Oddly enough, Brazil didn’t nearly make the list despite its sixth-place GDP of $2.5 trillion. With just 33.6 tonnes, it “ranks a surprising 52nd in the world among gold holders,” reported 24/7 Wall St. Friday’s Bloomberg dispatch, however, noted that Brazil is now adding to its reserves for the first time since December 2008.
But do central banks and the International Monetary Fund really have the gold they claim to have? In a Thursday GoldSeek post Lars Schall quotes financial analyst and investment manager Marshall Auerback, who said they might “in a strict accounting sense.” But he believes they’re leasing the gold. “From a flow standpoint, it’s irrelevant whether the gold is sold or lent, as it still appears as supply in the market.”
He added, “Gold that has been lent out and melted down to become, say, part of some Indian bride’s dowry will not be coming back into the market. Ultimately, I think, the central banks will ratify this in an accounting sense by reclassifying the leased gold as sold, so from a stock standpoint, that will validate [the Gold Anti-Trust Action Committee’s] argument that there is far less gold being held by the central banks than is commonly believed.”
Schall tried posing some GATA questions to key institutions. As his correspondence shows, answers weren’t forthcoming.

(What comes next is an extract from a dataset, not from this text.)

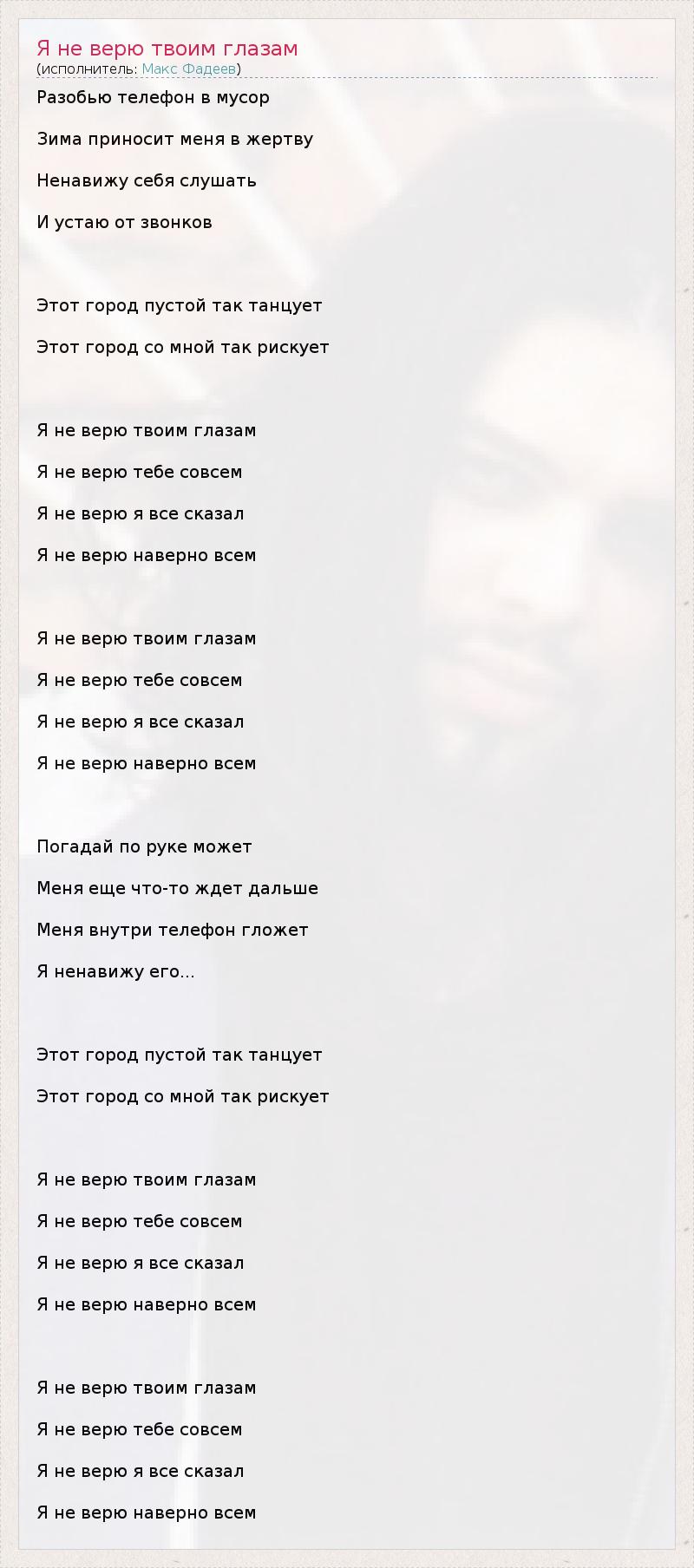 Разобью телефон в мусор Зима приносит меня в жертву Ненавижу себя слушать И устаю от звонков Этот город пустой так танцует Этот город со мной так рискует Я не верю твоим глазам Я не верю тебе совсем Я не верю я все сказал Я не верю наверно всем Я не верю твоим глазам Я не верю тебе совсем Я не верю я все сказал Я не верю наверно всем Погадай по руке может Меня еще что-то ждет дальше Меня внутри телефон гложет Я ненавижу его... Этот город пустой так танцует Этот город со мной так рискует Я не верю твоим глазам Я не верю тебе совсем Я не верю я все сказал Я не верю наверно всем Я не верю твоим глазам Я не верю тебе совсем Я не верю я все сказал Я не верю наверно всем
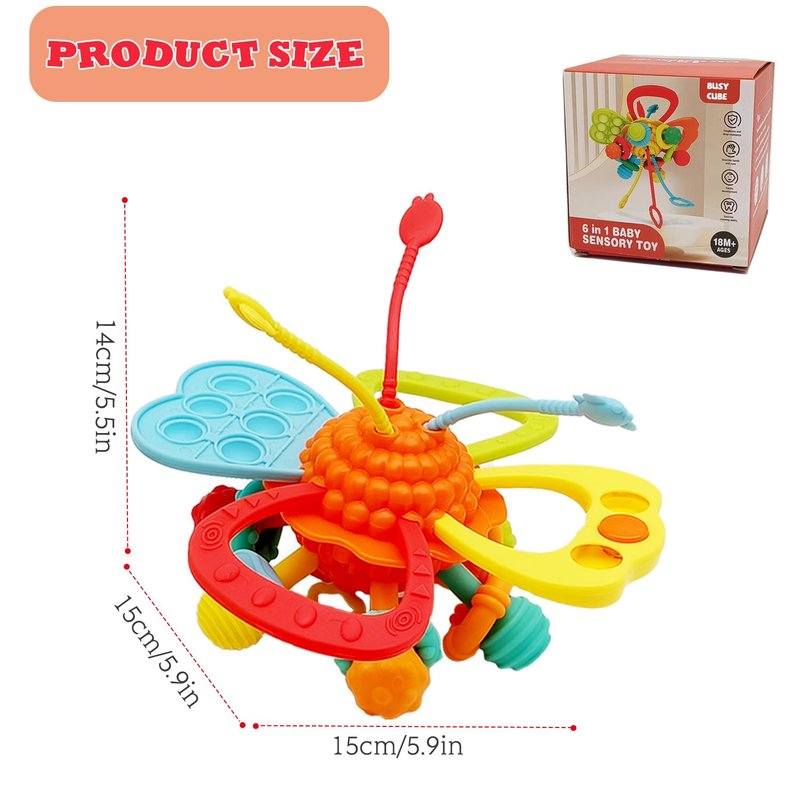 - Sensory Developmental Toys : With its bright and vivid colors, this toy instantly captures your baby's attention and encourages them to reach and grasp. As your baby's motor skills develop, they'll learn to hold and shake the toy with ease. The different textures and patterns provide a stimulating touch that helps with sensory development of babies for 18+ months.

No more Hana Banana in Botswana
Under a definitive agreement announced Wednesday evening, Cupric Canyon Capital LP will acquire 100% of Hana Mining Ltd TSXV:HMG in an all-cash deal worth $0.82 a share or approximately $67 million. Cupric already holds an 18.6% interest in the company. After closing Wednesday at $0.455, Hana shares shot up to a Thursday high of $0.82, then settled at $0.79 until Friday’s close.
Subject to shareholder and regulatory approval, the agreement will deprive mining writers of a significant source of repetitive rhyming. Hana’s Ghanzi Copper-Silver Project in northwestern Botswana has provided a steady stream of news, much of it from the Banana Zone.